Total Pageviews

Wednesday, February 18, 2009

Confidence Pays......in Billion$

While driving by the row of car dealers in my area, it's easy to see why automakers needed the multi-billion dollar bailout they received as their massive new car inventory sits in the rain; a sign of overzealous forecasting amidst a crashing economy.

The auto industry relies largely walk-in customers buying impulsively, but I don't see the necessity for dealerships to have every model they make, in every color, with every option package, all sitting on their lot. I suppose the automakers were either oblivious to the economic free fall which dominated headlines in every publication available, or ignored it completely. Reports have stated that CEO's and their excessive use of company perks are to blame. I'm bad with money too, but I've yet to receive money from taxpayers to resolve my shortcomings.

I've seen reports of automakers laying off employees by the thousands, while other companies close specific locations in an attempt to cut losses down. Perhaps if millions of dollars in new car inventory weren't sitting out in the rain, people would still have jobs, could still afford their mortgage and would still feel secure enough to do their part in boosting the economy and investing. Instead, the big shots of these car companies are taking vacations, using limousines to get from one place to another, and then getting it all paid for by YOU AND ME when the company's balance sheet dips into the red.

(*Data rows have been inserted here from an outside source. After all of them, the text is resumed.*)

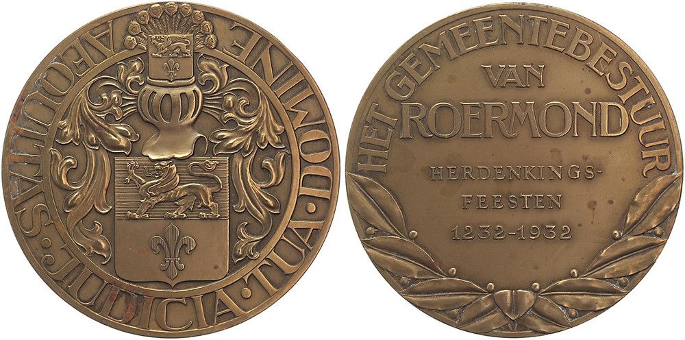 1932 Roermond 700 jaar. Gehelmd wapen van Roermond. / Op- en omschrift.Æ 60. (E. Lücker). Licht opgewreven en vlekjes keerzijde. Prachtig.
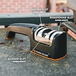 - The Work Sharp Pull Through Kitchen Sharpener is a fast, easy, and effective way to sharpen your kitchen knives. The Diamond Wheels quickly sharpen the edge, while the Ceramic Wheels hone the edge back to a factory level of sharpness. The additional Diamond Plate restores a sharp edge to your scissors. The comfortable rubber grip and base provide a safe and comfortable sharpening experience. The compact design fits easily in your kitchen drawer, with your camping supplies, or with your BBQ kit.
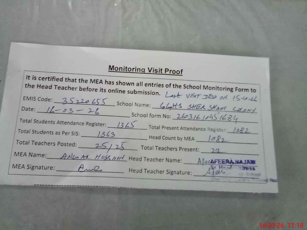 | EMIS Code: 35220655 | Name of School: GGHS SHER SHAH COLONY RAIWIND ROAD | |||
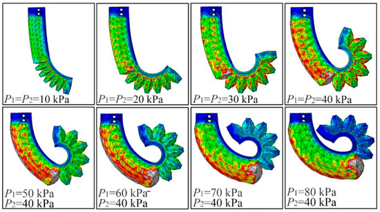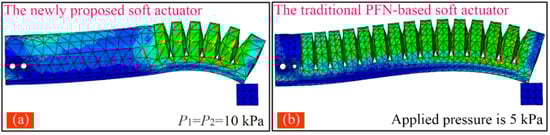 Figure 8 exhibits the bending deformation of the proposed soft actuator under different pressures. It should be noted that both modules adopted the same pressure () as the pressure was smaller than 40 kPa. When , remained unchanged at 40 kPa. The tip force of two kinds of soft actuators was also analyzed. Figure 9a,b show the FEA results of the traditional soft actuator under 5 kPa and the proposed actuator at 10 kPa (the two modules adopted the same pressure), respectively.
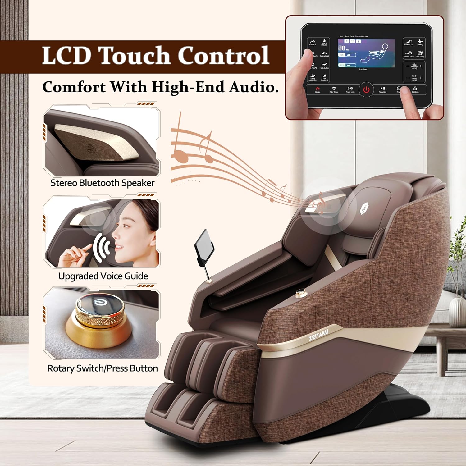 Premium Full Body Massage Chair CHIRU with Zero Gravity Recline, 22 Auto Wellness Programs, 8-Point Tui Na Massage, Magnetic Therapy, Foot Reflexology, Carbon Fiber Heating, Bluetooth Speakers & LCD Controller
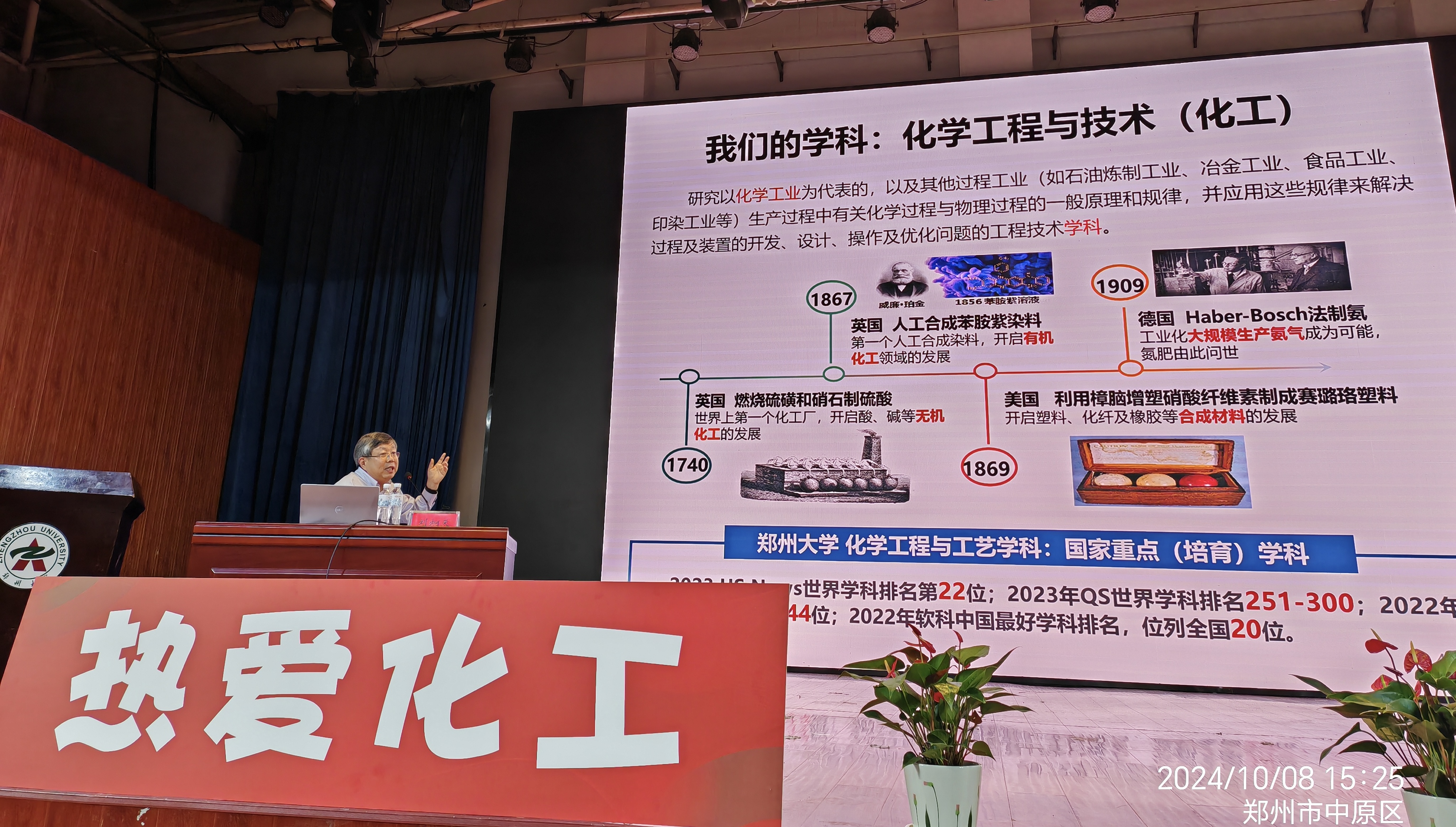 化工学院负责同志从历史沿革、发展情况、未来方向等方面介绍了学院基本情况,并指出,化工学院的历史变革见证了中国化工教育的蓬勃发展和辉煌成就,一代又一代化工人秉承“求是 担当”的郑大校训,以国家重大需求为己任,为国家的经济建设和社会发展做出了重要贡献。希望广大新生以榜样为指引,在未来的学习生活中,立足国家发展需求,聚焦化工创新领域发展建设,树立远大理想,勇担时代责任,为推进化工领域创新发展贡献青春力量。

I remember a store called Consumers from my early years, where everything was bought from a catalog and you basically walked up to a counter and picked up your item. Of course if the automakers only built cars to fill orders, they'd never survive. However, if an inventory cap were placed on dealerships, automakers would not have such a surplus of cars sitting on the lot which would mean much less impact if sales stop or slow down at any point. As a result, companies could afford to keep their employees on being that they don't have years' worth of salaries invested in rows of cars sitting on the back lot of dealerships everywhere.

I'm no expert in economics, but this is a simple matter of supply vs. demand and the anyone who's been paying attention to the economy during Bush's last years could easily see that demand went down as the recession continues. Now that these car companies got their massive stimulus package AKA bailout, it's time they take responsibility for their mistakes and end the greedy ways of thinking that got them into their situation.